Visualizing the training set result:
The result of the training set will now be visualized; the code for this may be seen below:
from matplotlib.colors import ListedColormap
x_set, y_set = x_train, y_train
x1, x2 = nm.meshgrid(nm.arange(start = x_set[:, 0].min() - 1, stop = x_set[:, 0].max() + 1, step = 0.01),
nm.arange(start = x_set[:, 1].min() - 1, stop = x_set[:, 1].max() + 1, step = 0.01))
mtp.contourf(x1, x2, classifier.predict(nm.array([x1.ravel(), x2.ravel()]).T).reshape(x1.shape),
alpha = 0.75, cmap = ListedColormap(('red', 'green')))
mtp.xlim(x1.min(), x1.max())
mtp.ylim(x2.min(), x2.max())
for i, j in enumerate(nm.unique(y_set)):
mtp.scatter(x_set[y_set == j, 0], x_set[y_set == j, 1],
c = ListedColormap(('red', 'green'))(i), label = j)
mtp.title('SVM classifier (Training set)')
mtp.xlabel('Age')
mtp.ylabel('Estimated Salary')
mtp.legend()
mtp.show()
Output:
By executing the above code, we will get the output as:
As can be seen, the above output looks a lot like the Logistic regression output. We received the straight line as hyperplane in the output since we utilized a linear kernel in the classifier. We've already shown that the hyperplane in SVM is a straight line in 2d space.
Visualizing the test set result:
#Visulaizing the test set result
from matplotlib.colors import ListedColormap
x_set, y_set = x_test, y_test
x1, x2 = nm.meshgrid(nm.arange(start = x_set[:, 0].min() - 1, stop = x_set[:, 0].max() + 1, step = 0.01),
nm.arange(start = x_set[:, 1].min() - 1, stop = x_set[:, 1].max() + 1, step = 0.01))

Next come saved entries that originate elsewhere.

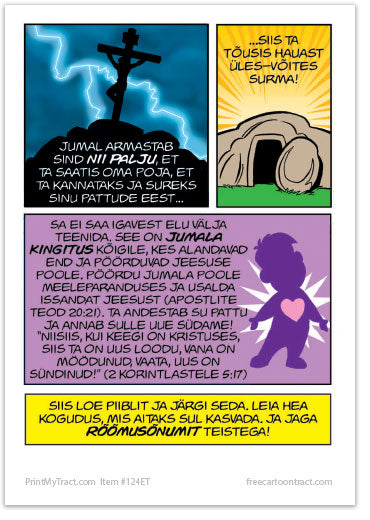 This excellent tract can be previewed at the author's website here (link opens in new window). In addition to the print-on-demand languages and quantities available here through PrintMyTract.com, printed copies are in stock and available from Living Waters for the English version.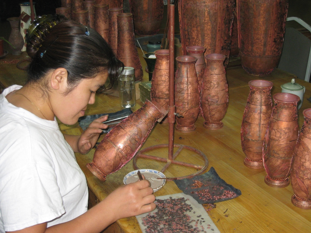 Puis nous visitons un atelier de poteries ou sont faits ses fameux vases chinois que personnellement je n'aime pas beaucoup mais le travail semble compliqué et très soigné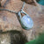 Magnifique collier "Éiréné" avec une pierre naturelle : Pierre de Lune arc-en-ciel (aussi appelée Labradorite blanche). Pendentif en Argent 925 et chaîne en acier inoxydable. Taille de la pierre : 13x18mm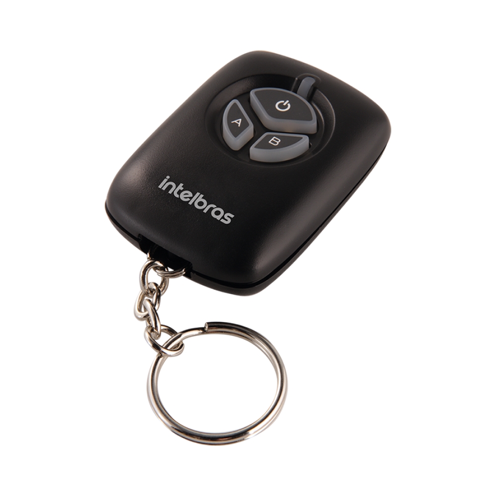O controle remoto XAC 2000 TX, possui bateria de 3 VDC, 3 botões independentes em silicone e design moderno.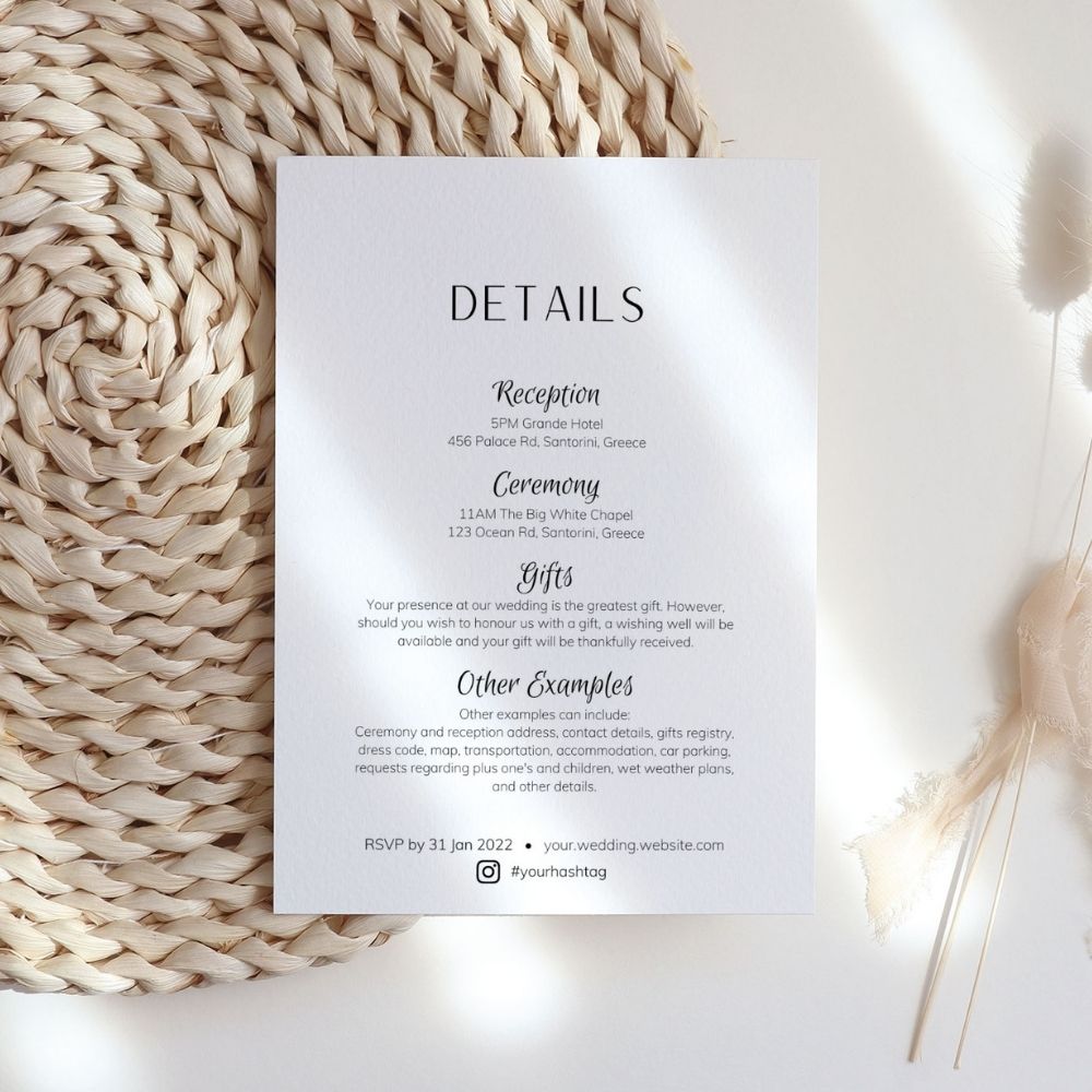 This is a DIY printable Details Card Canva digital template for a modern minimalist theme wedding or event.
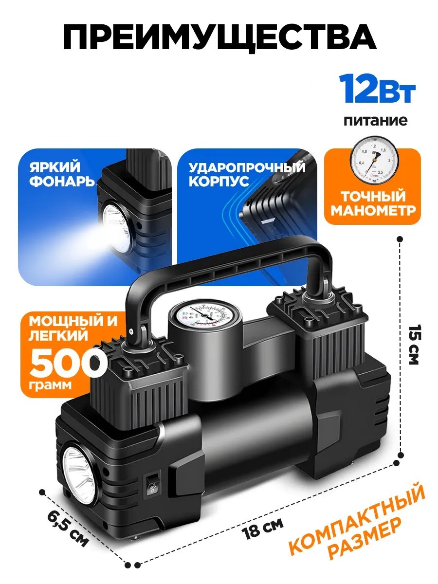 Очень мощный, работает стабильно и уверенно, компактный, есть точный манометр.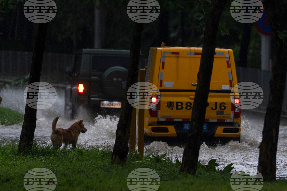 A dog watches as vehicles drive through flood waters in the aftermath of Super Typhoon Ragasa in Shenzhen in southern China's Guangdong province on Wednesday, Sept. 24, 2025. (AP Photo/Ng Han Guan)

mtp.contourf(x1, x2, classifier.predict(nm.array([x1.ravel(), x2.ravel()]).T).reshape(x1.shape),
alpha = 0.75, cmap = ListedColormap(('red','green' )))
mtp.xlim(x1.min(), x1.max())
mtp.ylim(x2.min(), x2.max())
for i, j in enumerate(nm.unique(y_set)):
mtp.scatter(x_set[y_set == j, 0], x_set[y_set == j, 1],
c = ListedColormap(('red', 'green'))(i), label = j)
mtp.title('SVM classifier (Test set)')
mtp.xlabel('Age')
mtp.ylabel('Estimated Salary')
mtp.legend()
mtp.show()
Output:
By executing the above code, we will get the output as:
The SVM classifier has separated the users into two zones, as shown in the above output image (Purchased or Not purchased). Users who bought the SUV are represented by the red scatter spots. Users who did not purchase the SUV are represented by green scatter points in the green region. The hyperplane has separated the two classes into variables that have been purchased and variables that have not been purchased.